Int J Surg Case Rep. 2025 Jul;132:111490. doi: 10.1016/j.ijscr.2025.111490. Epub 2025 Jun 7.
Low phospholipid-associated cholelithiasis (LPAC) syndrome is a rare biliary disorder caused by mutations in the ABCB4 gene, which encodes the MDR3 phosphatidylcholine transporter. It primarily affects young adults and may persist or recur following cholecystectomy. LPAC is characterized by intrahepatic lithiasis and recurrent biliary symptoms.
We report the case of a 27-year-old woman with a history of recurrent acute pancreatitis and prior laparoscopic cholecystectomy, who presented with ongoing episodes of biliary colic. Laboratory tests revealed leukocytosis (12,000/μL), while liver function tests remained within normal limits. Abdominal ultrasound identified multiple echogenic foci with posterior acoustic shadowing in segment VII of the liver, along with bile duct ectasia. Further evaluation with computed tomography and magnetic resonance imaging excluded alternative diagnoses. A laparoscopic, ultrasound-guided resection of segment VII was performed. Histopathological analysis confirmed hepatolithiasis with associated acute and chronic cholangitis.
LPAC syndrome presents both diagnostic and therapeutic challenges. Although its prevalence is low-estimated at approximately 1 % among patients with recurrent biliary symptoms after cholecystectomy-early recognition is essential for appropriate management. In selected cases with localized intrahepatic lithiasis and persistent symptoms, surgical resection may offer an effective therapeutic option.

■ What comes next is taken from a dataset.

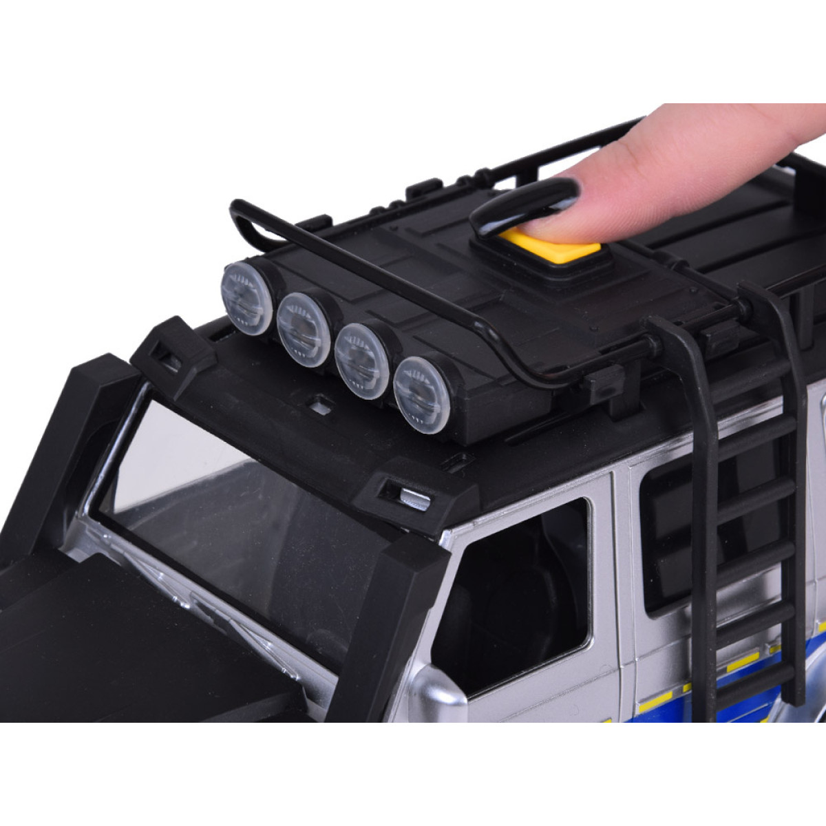 - Šviesos ir garso efektai – paspaudus geltoną mygtuką ant stogo, automobilis skleidžia realistiškus policijos sirenos garsus ir šviesos efektus. Šios interaktyvios funkcijos prideda dinamikos žaidimui ir lavina regos bei klausos koordinaciją.

This case highlights the importance of considering LPAC in young patients with unresolved biliary symptoms post-cholecystectomy and demonstrates the feasibility of minimally invasive liver resection in specialized hepatobiliary centers.
低磷脂相关胆石症(LPAC)综合征是一种罕见的胆道疾病,由ABCB4基因突变引起,该基因编码多药耐药蛋白3(MDR3)磷脂酰胆碱转运体。它主要影响年轻人,胆囊切除术后可能持续存在或复发。LPAC的特征是肝内结石和反复出现的胆道症状。
我们报告一例27岁女性,有复发性急性胰腺炎病史且曾行腹腔镜胆囊切除术,现出现持续性胆绞痛发作。实验室检查显示白细胞增多(12,000/μL),而肝功能检查仍在正常范围内。腹部超声在肝脏VII段发现多个伴有后方声影的强回声灶,以及胆管扩张。计算机断层扫描和磁共振成像的进一步评估排除了其他诊断。进行了腹腔镜超声引导下的VII段切除术。组织病理学分析证实为肝内结石伴急性和慢性胆管炎。
LPAC综合征在诊断和治疗方面都具有挑战性。尽管其患病率较低——据估计在胆囊切除术后有反复胆道症状的患者中约为1%——但早期识别对于恰当的管理至关重要。在某些有局限性肝内结石和持续症状的病例中,手术切除可能是一种有效的治疗选择。
本病例强调了在胆囊切除术后有未解决胆道症状的年轻患者中考虑LPAC的重要性,并证明了在专业肝胆中心进行微创肝切除的可行性。